PROBLEM TO SOLVE |
As you restate the entries, keep every word intact and leave out whatever images they hold.

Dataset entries
-----

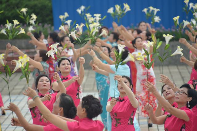 当天160多名参与者手持百合花,通过身穿形体服、旗袍等多彩的服饰,在《若水杭州》、《旗香·醉荷》的音乐背景下,组成方阵或圆形的各种队列,轻盈舞步,欢歌笑语,那有说不出的妩媚,道不尽的优雅,如同多彩的画卷,充满典雅的气息?;疃浞终瓜终拷越】滴拿鞯木穹缑玻惴⒘苏拷率贝远陨畹脑廾?。这场精美绝伦的展示在现场观众阵阵掌声和喝彩声中成功的落下了帷幕!
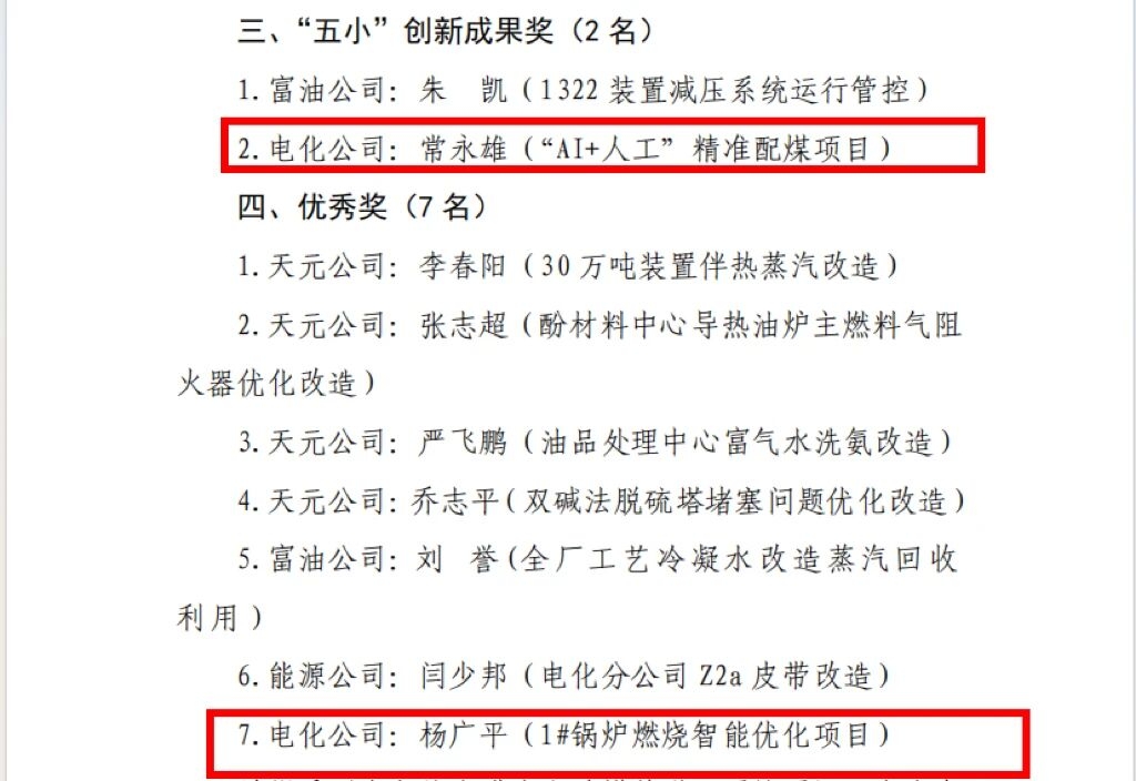 喜报!电化公司两个项目荣获神木煤化工公司“五小”创新成果奖和优秀奖
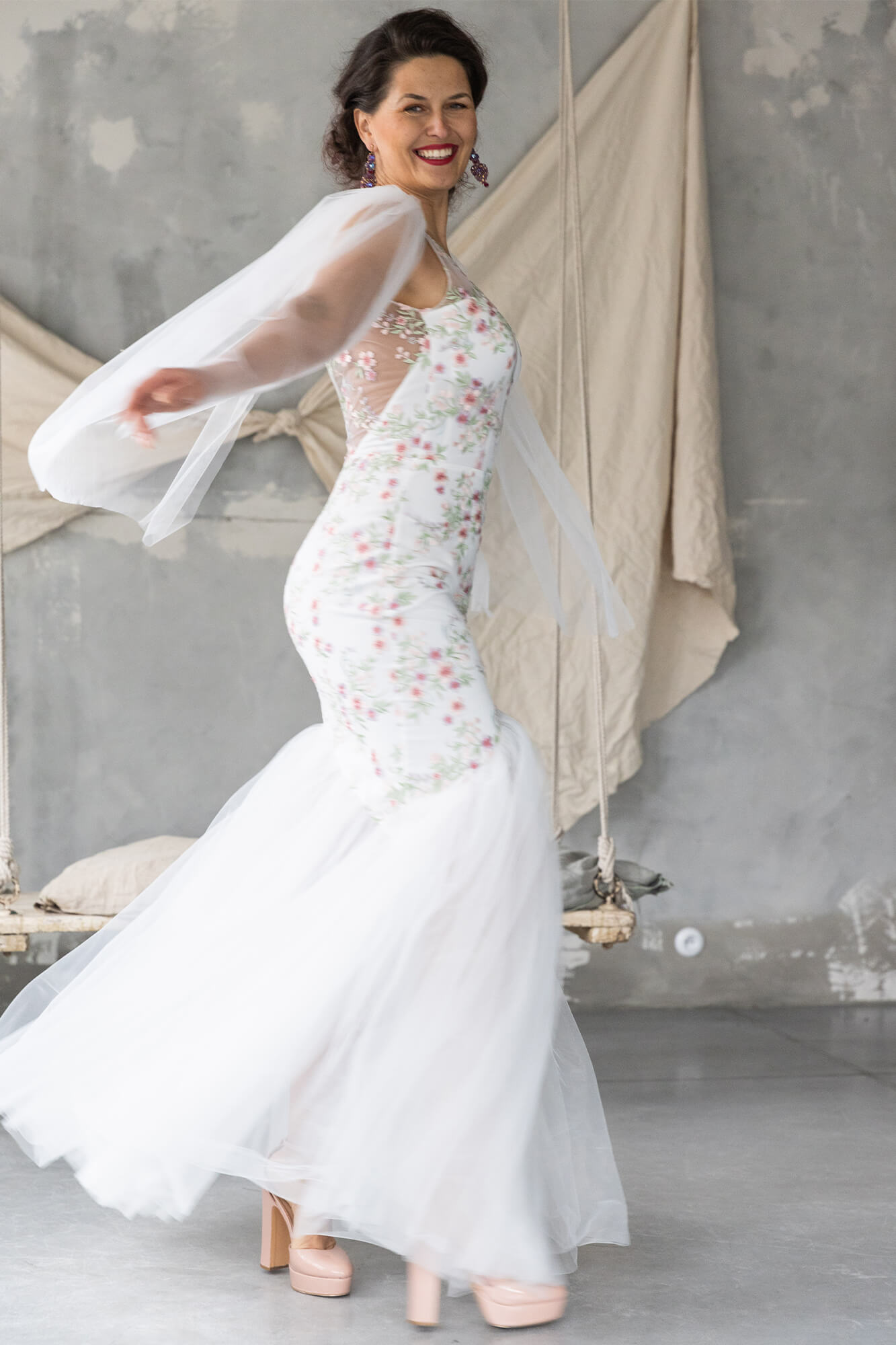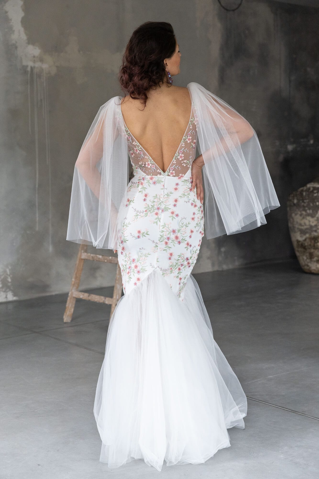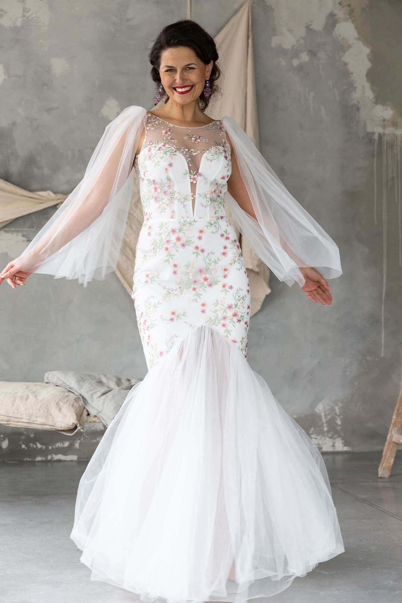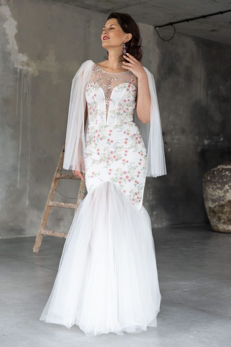 Ta suknia to model wyjściowy - możemy w niej zmienić praktycznie wszystko! Pogłębić lub spłycić dekolt, zmienić jego wykończenie, kształt, dodać lub odjąć falbankę czy frędzle. Rękawy mogą być dłuższe lub krótsze, mieć inny kształt niż te na zdjęciu. Może też nie być ich wcale. Tiul w spódnicy można dodać (lub odjąć) na wierzchu, albo pod spodem. Podszewka może być długa lub krótka w odcieniach bieli i beżu. Rozcięcie na nogę i tren można dodać lub usunąć praktycznie w każdym modelu.
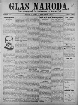 Glas naroda: najstarejši list slovenskih delavcev v Ameriki (01.08.1900), letnik 8, številka 61. URN:NBN:SI:doc-M6UE9YX6 from http://www.dlib.si
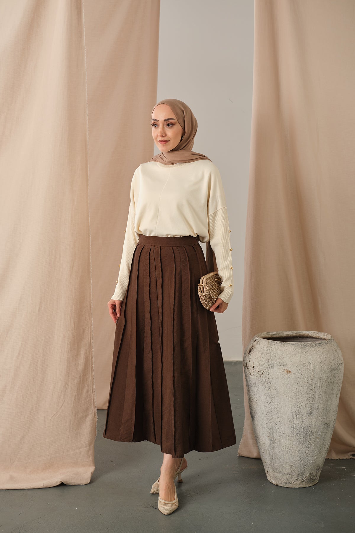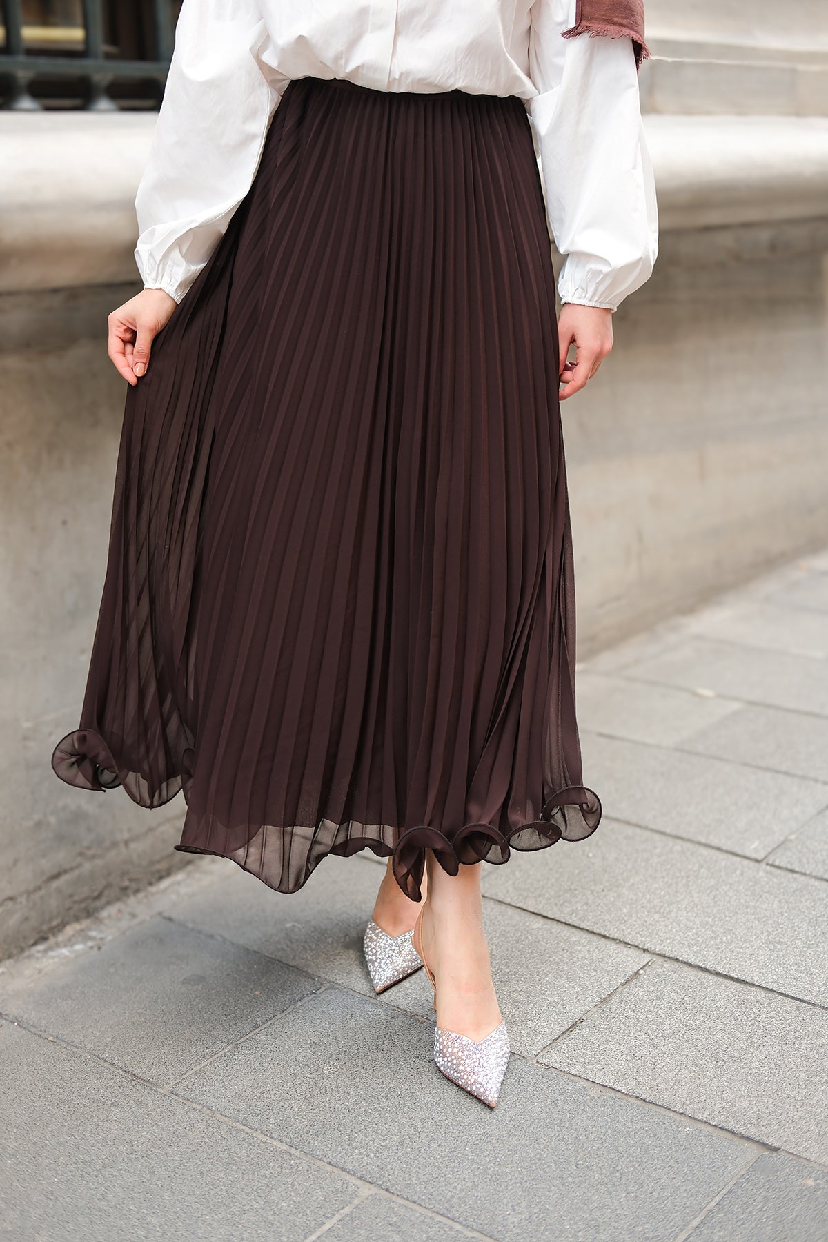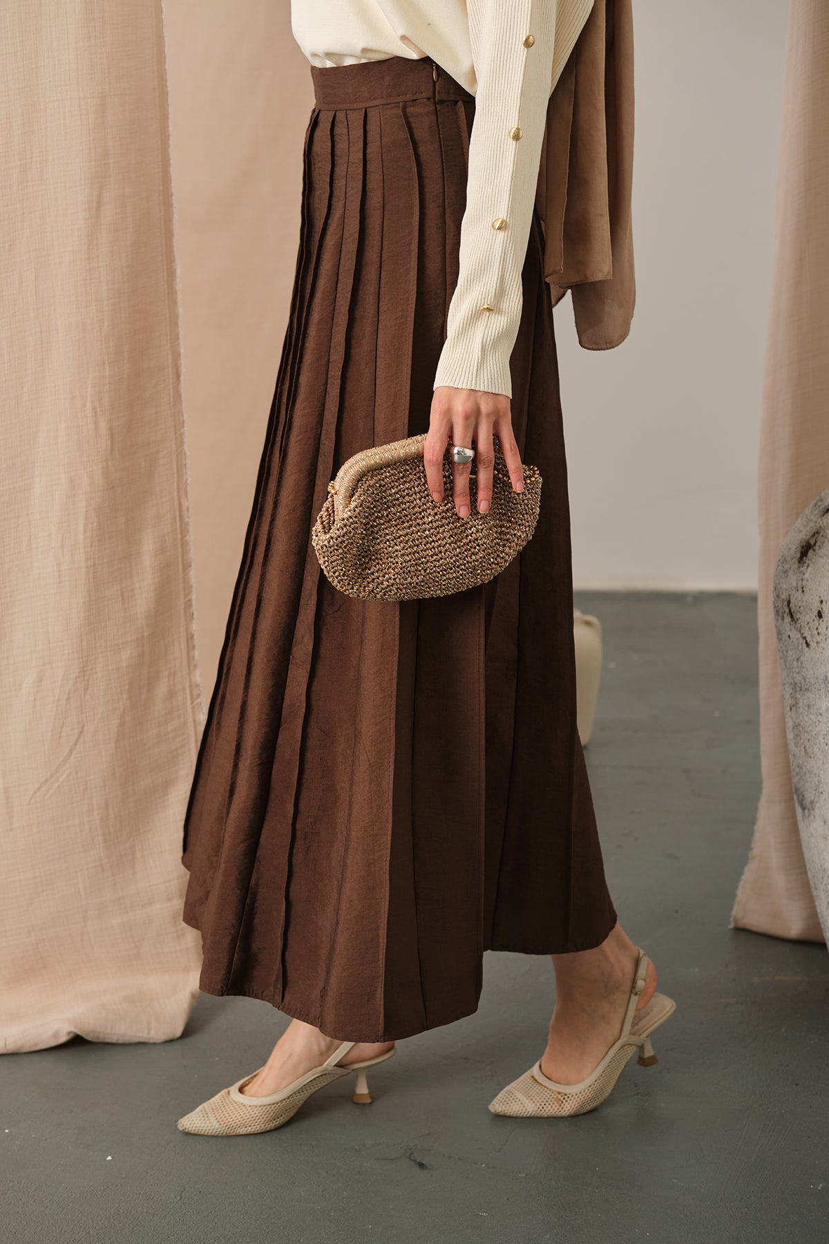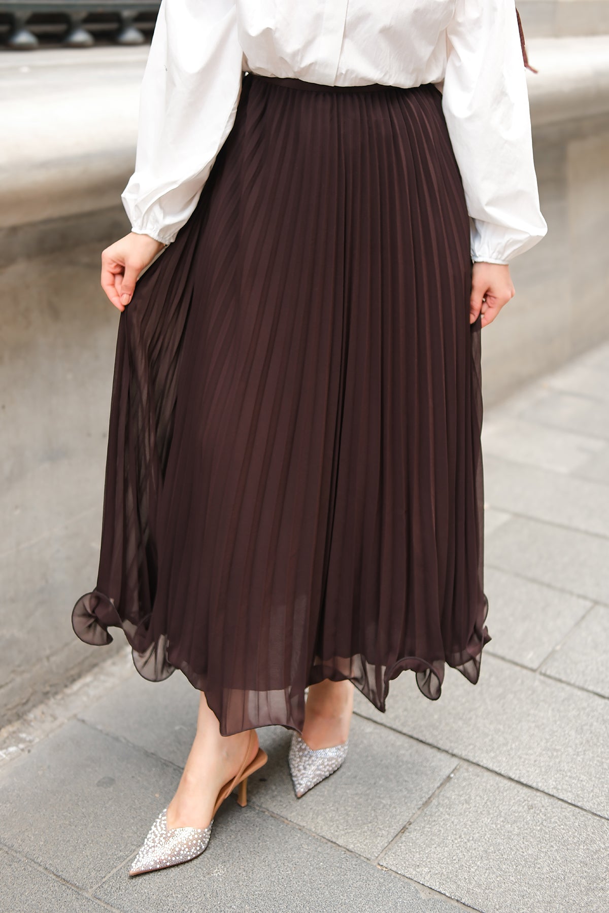 Elastic Waist Pleated Skirt Brown

-----

RESULT OF THE TASK |
 当天160多名参与者手持百合花,通过身穿形体服、旗袍等多彩的服饰,在《若水杭州》、《旗香·醉荷》的音乐背景下,组成方阵或圆形的各种队列,轻盈舞步,欢歌笑语,那有说不出的妩媚,道不尽的优雅,如同多彩的画卷,充满典雅的气息?;疃浞终瓜终拷越】滴拿鞯木穹缑玻惴⒘苏拷率贝远陨畹脑廾?。这场精美绝伦的展示在现场观众阵阵掌声和喝彩声中成功的落下了帷幕!
 喜报!电化公司两个项目荣获神木煤化工公司“五小”创新成果奖和优秀奖
 Ta suknia to model wyjściowy - możemy w niej zmienić praktycznie wszystko! Pogłębić lub spłycić dekolt, zmienić jego wykończenie, kształt, dodać lub odjąć falbankę czy frędzle. Rękawy mogą być dłuższe lub krótsze, mieć inny kształt niż te na zdjęciu. Może też nie być ich wcale. Tiul w spódnicy można dodać (lub odjąć) na wierzchu, albo pod spodem. Podszewka może być długa lub krótka w odcieniach bieli i beżu. Rozcięcie na nogę i tren można dodać lub usunąć praktycznie w każdym modelu.
 Glas naroda: najstarejši list slovenskih delavcev v Ameriki (01.08.1900), letnik 8, številka 61. URN:NBN:SI:doc-M6UE9YX6 from http://www.dlib.si
 Elastic Waist Pleated Skirt Brown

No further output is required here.